Measurements of potassium in lunar and terrestrial rocks have disproved the leading hypotheses for the origin of Earth’s sole natural satellite
Measurements of potassium in lunar and terrestrial rocks have disproved the leading hypotheses for the origin of Earth’s sole natural satellite.
A duo of researchers reports isotopic differences between Moon and Earth rocks that provide the first experimental evidence that can discriminate between the two leading models for the Moon’s origin.
In one model, a low-energy impact leaves the proto-Earth and Moon shrouded in a silicate atmosphere.
In the other, a much more violent impact vaporizes the impactor and most of the proto-Earth, expanding to form an enormous superfluid disk (more than 500 times bigger than today’s Earth) out of which the Moon eventually crystallizes.
The team’s findings, which support the high-energy model, has been published in the journal Nature.
“Our results provide the first hard evidence that the impact really did (largely) vaporize Earth,” said co-author Dr. Kun Wang, of Washington University in St. Louis.
Dr. Wang and his colleague, Prof. Stein Jacobsen of Harvard University, examined seven lunar rock samples from different lunar missions and compared their potassium isotope ratios to those of eight terrestrial rocks representative of Earth’s mantle.
Potassium has three stable isotopes, but only two of them, potassium-41 and potassium-39, are abundant enough to be measured with sufficient precision for this study.
The team found that the lunar rocks were enriched by about 0.4 parts per thousand in the heavier isotope of potassium, potassium-41.
“The only high-temperature process that could separate the potassium isotopes in this way is incomplete condensation of the potassium from the vapor phase during the Moon’s formation,” Dr. Wang explained.
Compared to the lighter isotope, the heavier isotope would preferentially fall out of the vapor and condense.
Calculations show, however, that if this process happened in an absolute vacuum, it would lead to an enrichment of heavy potassium isotopes in lunar samples of about 100 parts per thousand, much higher than the value the team found.
“But higher pressure would suppress fractionation,” Dr.

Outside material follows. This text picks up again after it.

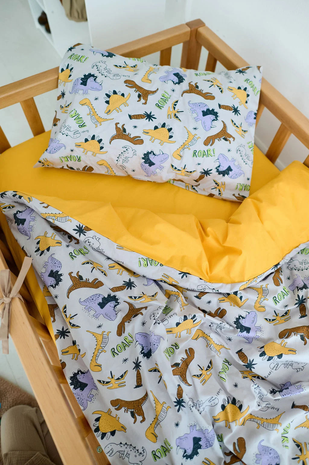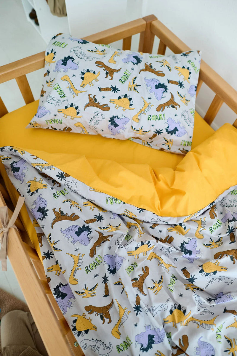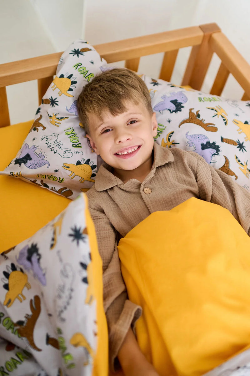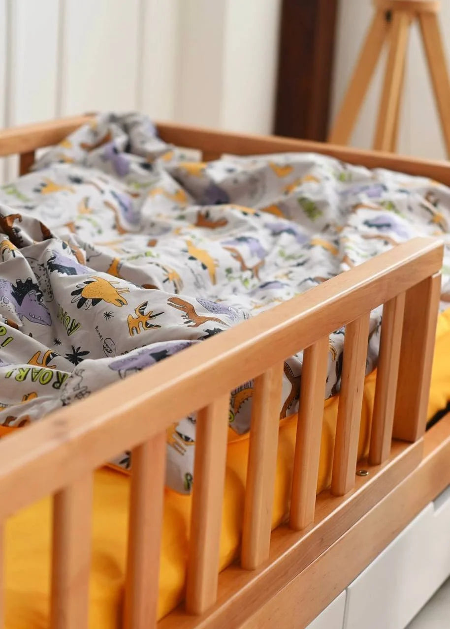 The Roar Print Crib Bedding Set offers a high-quality feel and a playful, dinosaur-themed design. This set cleverly combines premium Satin (100% Cotton) (for the detailed "Roar" print) and high-quality Poplin (100% Cotton) (for the solid part) in a vibrant, sun-drenched orange-yellow shade. Satin is a natural, silky-soft fabric known for its smooth finish and subtle sheen, while Poplin provides a lightweight, breathable feel with a soft, matte texture. Both are exceptionally durable materials that maintain their premium quality and softness even after 300+ washes. The friendly dinosaur characters and energetic color palette create a fun, comfortable, and inviting sleeping environment for your little explorer.

Wang said.
For this reason, the researchers predict the Moon condensed in a pressure of more than 10 bar, or roughly 10 times the sea level atmospheric pressure on Earth.
Their finding that the lunar rocks are enriched in the heavier potassium isotope does not favor the silicate atmosphere model, which predicts lunar rocks will contain less of the heavier isotope than terrestrial rocks, the opposite of what the scientists found.
Instead it supports the mantle atmosphere model that predicts lunar rocks will contain more of the heavier isotope than terrestrial rocks.